"Garnet Lanterns "

2005 Winner of the Anabiosis Press Chapbook Contest.

Written by: Sally Rosen Kindred
Published by: The Anabiosis Press
ISBN: 0-0727955-4-5

Reviewed by: Charlotte Mandel

Genre: Poetry

Beyond the Ark

a review by Charlotte Mandel

Garnet Lanterns


Sally Rosen Kindred's prizewinning chapbook, Garnet Lanterns, adds a strong new voice to the canon of contemporary women poets concerned with biblical revision. The cover is evocatively designed, suggestive of Ark, rainlights falling from sky, an eventual moon. Scriptural narrative, primarily from Genesis, is brought to task in terms of realities of human bodily experience.

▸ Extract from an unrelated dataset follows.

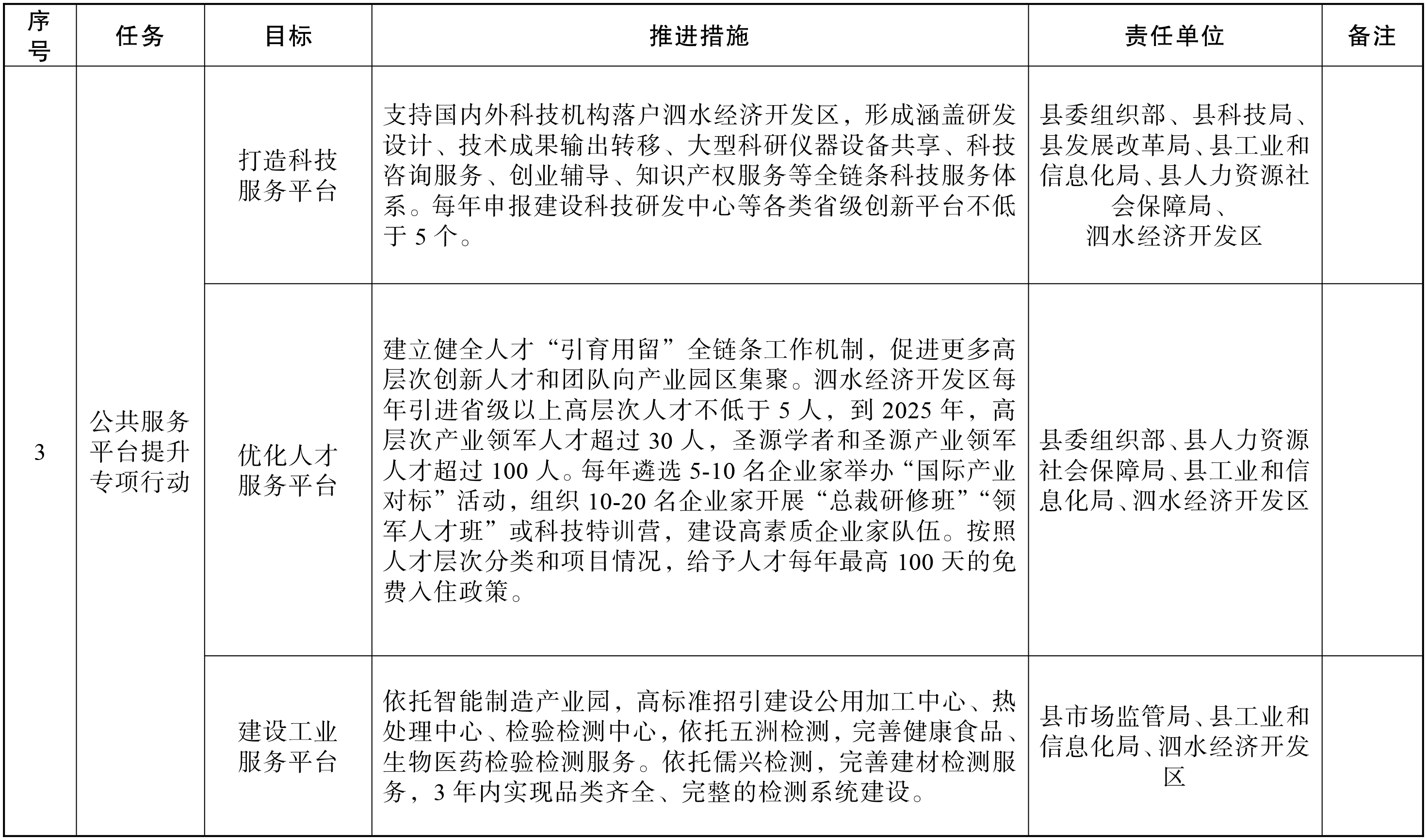 1.打造科技服务平台。支持国内外科技机构落户泗水经济开发区,形成涵盖研发设计、技术成果输出转移、大型科研仪器设备共享、科技咨询服务、创业辅导、知识产权服务等全链条科技服务体系。每年申报建设科技研发中心等各类省级创新平台不低于5个。(责任单位:县委组织部、县科技局、县发展改革局、县工业和信息化局、县人力资源社会保障局、泗水经济开发区)

Kindred's language manipulates sensory images to involve the reader. The chapbook opens with a direct address "To Eve": "Why don't we halve your apple / and set it in the sun / and watch it brown over like gauze / once bloodied?" Shades of red express a variety of emotions--from anger to light to despair. The "Garnet Lanterns" of the title appear to be earth minerals carried in the hold of Noah's ark, their intrinsic light waiting to be brought into true daylight. The poem "Red Life" enacts a sensuous imagistic personification of poetic struggle: "Form {is} the place where my thumb becomes air / and air meets the wet not-me of your mouth, / suckle of stanza break, first lick / of spring." The poems move fearlessly from realization of the carrion food available to the raven who does not return to the ark, to the returning dove's unsentimental address to Noah: "I bring sour stems / torn from the next green world."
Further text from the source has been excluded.